What to produce: Return all of the data exactly as written, without the pictures.

Data records:
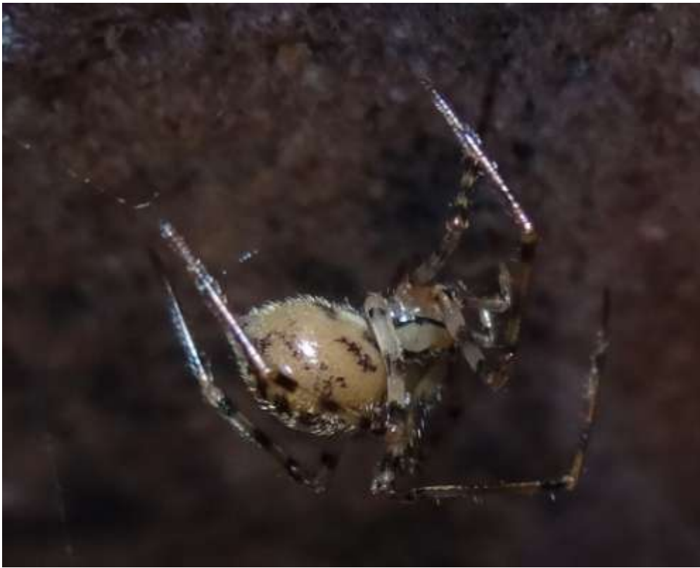
Nesticus cellulanus - Nestique alvéolé – Araneae – Nesticidae - (19.11.2014)
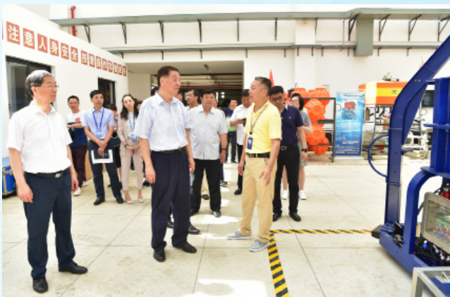
视察团一行在中科院深海研究所视察。
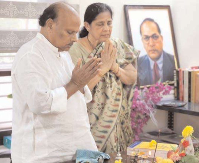
అక్షర విజేత కోటనందూరు.
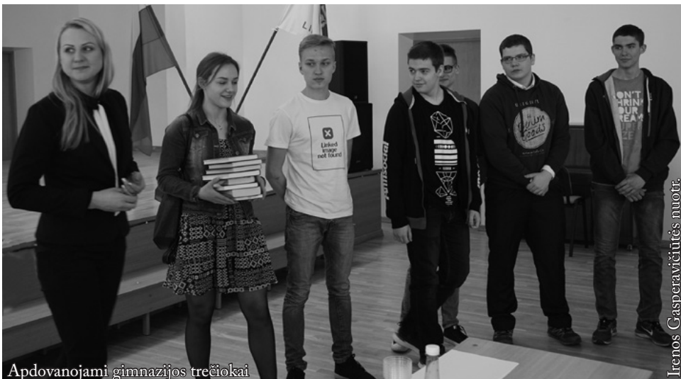
Apdovanojami gimnazijos trečiokai

Sveikiname visus laureatus ir dalyvius. Visada verta išbandyti savo jėgas.
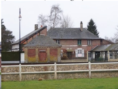
Une maison en briques de Fleury
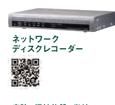
ネットワーク ディスクレコーダー
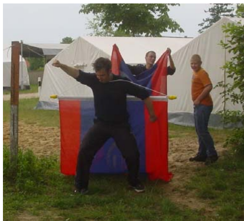
Superfeuerwehrmann greift ein!

Das die JF-Vöhrum einen guten Job gemacht hat, daran können wir uns sicher noch die ganze Woche erfreuen, denn die Fahne soll ja erst am Samstag abgenommen werden.
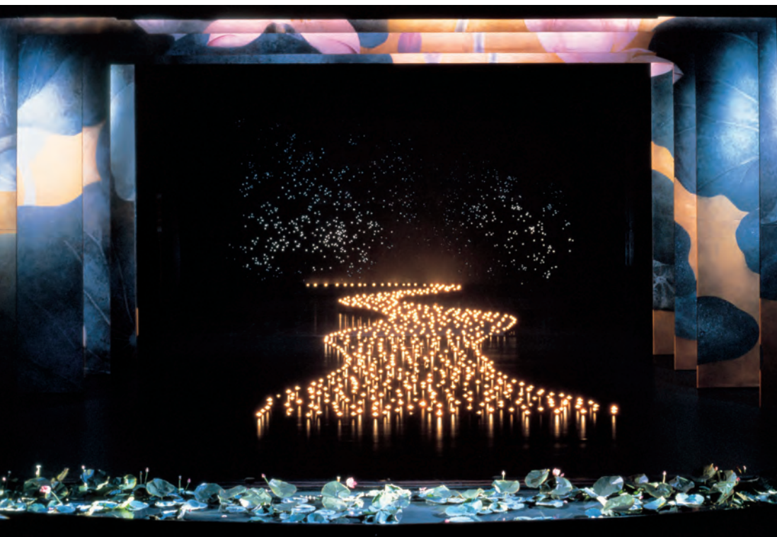
《九歌》 NINE SONGS, 1993
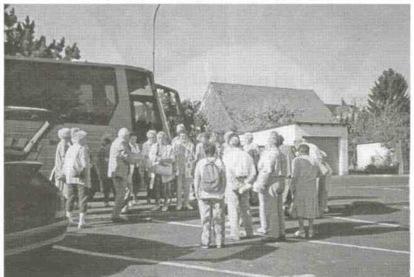
Das Bild zeigt die HGV-Reisegruppe vor ihrem Reisebus in Melsungen.

Erwähnt soll noch werden, daß uns ein sehr angenehmer, moderner Bus zur Verfügung stand, dessen Obergeschoß an dem schönen Tag eine herrliche Aussicht über das hessische Bergland erlaubte.
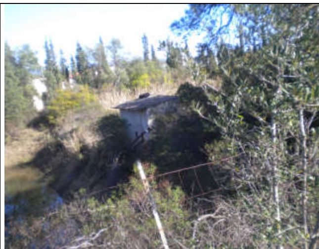
RUDERE CON COPERTURA IN AMIANTO
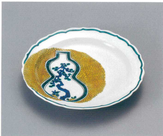
AP6-0214 8.3号盛皿 古九谷風 11,000円 (税抜価格 10,000円) 径25×高さ3.5cm・化粧箱入 ◆
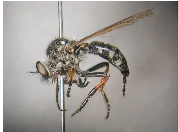
Figure 3: Leptarthrus brevis (Meigen 1804).

En Belgique, l'espèce était considérée comme rare en 1910 puis, en 1996, elle est passée au statut de commune (Tomasovic, 1998). En Flandre Orientale, 66 exemplaires furent collectés en 1999 à Stekene (Tomasovic & Dekoninck, 2000) et 182 à Hageven en 2000 (Bonte et al. , 2002). L'espèce est également présente sur le haut massif ardennais et au littoral.
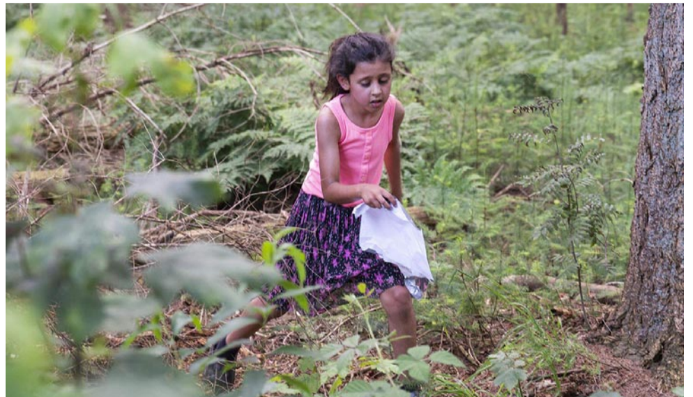
Snel weer het bos in!
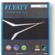
フライアットソフト
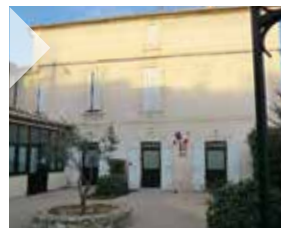
◆ LA MÉDIATHÈQUE DE VALROS
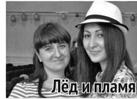
Лёд и пламя

В этом номере наши редакторы со своей традиционной рубрикой оказались в тупике. Тема номера – День Победы, а тут спорить абсолютно не о чем. Ни о важности этого события, ни о целесообразности отмечать его, ни о роли исторической памяти – все должно быть, по нашему мнению, безоговорочно. Поэтому мы просто лишний раз докажем теорему Великой Победы.
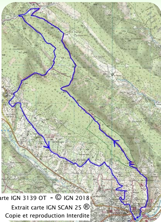
Carte IGN 3139 OT

Au pied des crêtes , emprunter la piste sur quelques mètres seulement avant de bifurquer à gauche au niveau d'une dalle de calcaire. Traverser un torrent pour rejoindre une route au niveau de la combe de Sauve où l'on abandonne le GR9. L'emprunter sur 500 mètres par la gauche avant de retraverser le torrent par une large piste. De l'autre côté, suivre le sentier sur la gauche (marque jaune). Celui-ci remonte le vallon de la Sigalette. Au niveau de la balise Trappe du Loup, filer tout droit en direction du Réservoir. A cette nouvelle balise prendre la route à gauche. Au niveau du lieu-dit les Paréjats poursuivre sur la route de gauche. Il ne reste que deux kilomètres pour rejoindre Nyons.
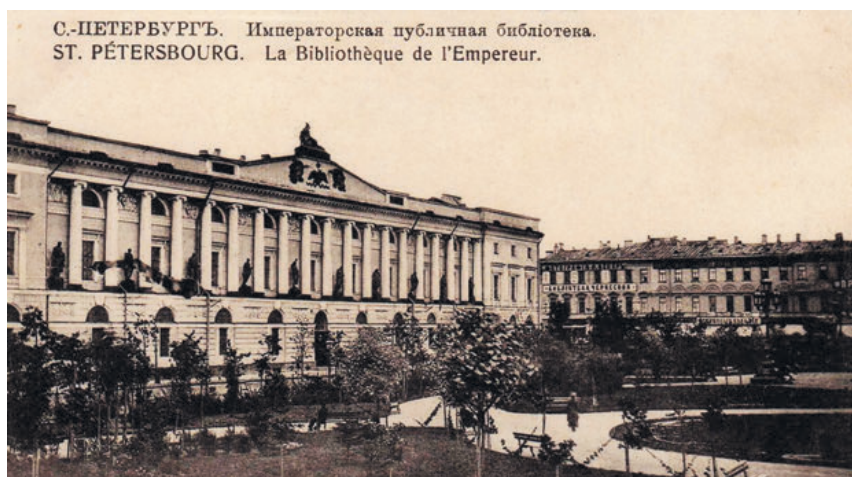
Императорская публичная библиотека Санкт-Петербурга, фото конца XIX-начала XX века
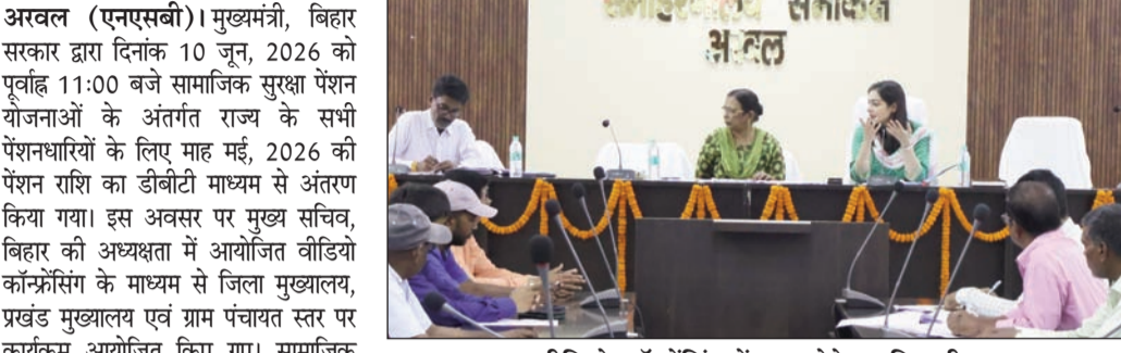
वीडियो कॉन्फ्रेंसिंग में भाग लेते पदाधिकारी।

अरवल (एसएनबी)। मुख्यमंत्री, बिहार सरकार द्वारा दिनांक 10 जून, 2026 को पूर्वाह्न 11:00 बजे सामाजिक सुरक्षा पेंशन योजनाओं के अंतर्गत राज्य के सभी पेंशनधारियों के लिए माह मई, 2026 की पेंशन राशि का डीबीटी माध्यम से अंतरण किया गया। इस अवसर पर मुख्य सचिव, बिहार की अध्यक्षता में आयोजित वीडियो कॉन्फ्रेंसिंग के माध्यम से जिला मुख्यालय, प्रखंड मुख्यालय एवं ग्राम पंचायत स्तर पर कार्यक्रम आयोजित किए गए। सामाजिक सुरक्षा पेंशन योजनाओं का मुख्य उद्देश्य समाज के कमजोर एवं वंचित वर्गों को आर्थिक सहायता एवं सामाजिक संबल प्रदान करना है, ताकि उनके आत्मसम्मान में वृद्धि हो तथा उन्हें गरिमापूर्ण जीवनयापन का अवसर प्राप्त हो सके। जिला मुख्यालय स्थित समाहरणालय सभाकक्ष में जिला
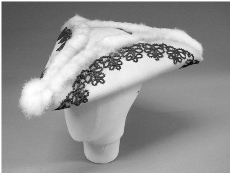
Ил. 1. Касторовая шляпа XVIII века

истории торговой Компании Гудзонова залива (Hudson's Bay Company) Эдвин Эрнст Рич, бобровая подпушь, предназначенная для изготовления шляп, оставалась наиболее ценным товаром из всех, что поставлялись в Европу, – со времени основания компании и до конца XVIII столетия. Ценой меха, впрочем, стали не только деньги.

Reply:
Nesticus cellulanus - Nestique alvéolé – Araneae – Nesticidae - (19.11.2014)
视察团一行在中科院深海研究所视察。
అక్షర విజేత కోటనందూరు.
Apdovanojami gimnazijos trečiokai

Sveikiname visus laureatus ir dalyvius. Visada verta išbandyti savo jėgas.
Une maison en briques de Fleury
ネットワーク ディスクレコーダー
Superfeuerwehrmann greift ein!

Das die JF-Vöhrum einen guten Job gemacht hat, daran können wir uns sicher noch die ganze Woche erfreuen, denn die Fahne soll ja erst am Samstag abgenommen werden.
《九歌》 NINE SONGS, 1993
Das Bild zeigt die HGV-Reisegruppe vor ihrem Reisebus in Melsungen.

Erwähnt soll noch werden, daß uns ein sehr angenehmer, moderner Bus zur Verfügung stand, dessen Obergeschoß an dem schönen Tag eine herrliche Aussicht über das hessische Bergland erlaubte.
RUDERE CON COPERTURA IN AMIANTO
AP6-0214 8.3号盛皿 古九谷風 11,000円 (税抜価格 10,000円) 径25×高さ3.5cm・化粧箱入 ◆
Figure 3: Leptarthrus brevis (Meigen 1804).

En Belgique, l'espèce était considérée comme rare en 1910 puis, en 1996, elle est passée au statut de commune (Tomasovic, 1998). En Flandre Orientale, 66 exemplaires furent collectés en 1999 à Stekene (Tomasovic & Dekoninck, 2000) et 182 à Hageven en 2000 (Bonte et al. , 2002). L'espèce est également présente sur le haut massif ardennais et au littoral.
Snel weer het bos in!
フライアットソフト
◆ LA MÉDIATHÈQUE DE VALROS
Лёд и пламя

В этом номере наши редакторы со своей традиционной рубрикой оказались в тупике. Тема номера – День Победы, а тут спорить абсолютно не о чем. Ни о важности этого события, ни о целесообразности отмечать его, ни о роли исторической памяти – все должно быть, по нашему мнению, безоговорочно. Поэтому мы просто лишний раз докажем теорему Великой Победы.
Carte IGN 3139 OT

Au pied des crêtes , emprunter la piste sur quelques mètres seulement avant de bifurquer à gauche au niveau d'une dalle de calcaire. Traverser un torrent pour rejoindre une route au niveau de la combe de Sauve où l'on abandonne le GR9. L'emprunter sur 500 mètres par la gauche avant de retraverser le torrent par une large piste. De l'autre côté, suivre le sentier sur la gauche (marque jaune). Celui-ci remonte le vallon de la Sigalette. Au niveau de la balise Trappe du Loup, filer tout droit en direction du Réservoir. A cette nouvelle balise prendre la route à gauche. Au niveau du lieu-dit les Paréjats poursuivre sur la route de gauche. Il ne reste que deux kilomètres pour rejoindre Nyons.
Императорская публичная библиотека Санкт-Петербурга, фото конца XIX-начала XX века
वीडियो कॉन्फ्रेंसिंग में भाग लेते पदाधिकारी।

अरवल (एसएनबी)। मुख्यमंत्री, बिहार सरकार द्वारा दिनांक 10 जून, 2026 को पूर्वाह्न 11:00 बजे सामाजिक सुरक्षा पेंशन योजनाओं के अंतर्गत राज्य के सभी पेंशनधारियों के लिए माह मई, 2026 की पेंशन राशि का डीबीटी माध्यम से अंतरण किया गया। इस अवसर पर मुख्य सचिव, बिहार की अध्यक्षता में आयोजित वीडियो कॉन्फ्रेंसिंग के माध्यम से जिला मुख्यालय, प्रखंड मुख्यालय एवं ग्राम पंचायत स्तर पर कार्यक्रम आयोजित किए गए। सामाजिक सुरक्षा पेंशन योजनाओं का मुख्य उद्देश्य समाज के कमजोर एवं वंचित वर्गों को आर्थिक सहायता एवं सामाजिक संबल प्रदान करना है, ताकि उनके आत्मसम्मान में वृद्धि हो तथा उन्हें गरिमापूर्ण जीवनयापन का अवसर प्राप्त हो सके। जिला मुख्यालय स्थित समाहरणालय सभाकक्ष में जिला
Ил. 1. Касторовая шляпа XVIII века

истории торговой Компании Гудзонова залива (Hudson's Bay Company) Эдвин Эрнст Рич, бобровая подпушь, предназначенная для изготовления шляп, оставалась наиболее ценным товаром из всех, что поставлялись в Европу, – со времени основания компании и до конца XVIII столетия. Ценой меха, впрочем, стали не только деньги.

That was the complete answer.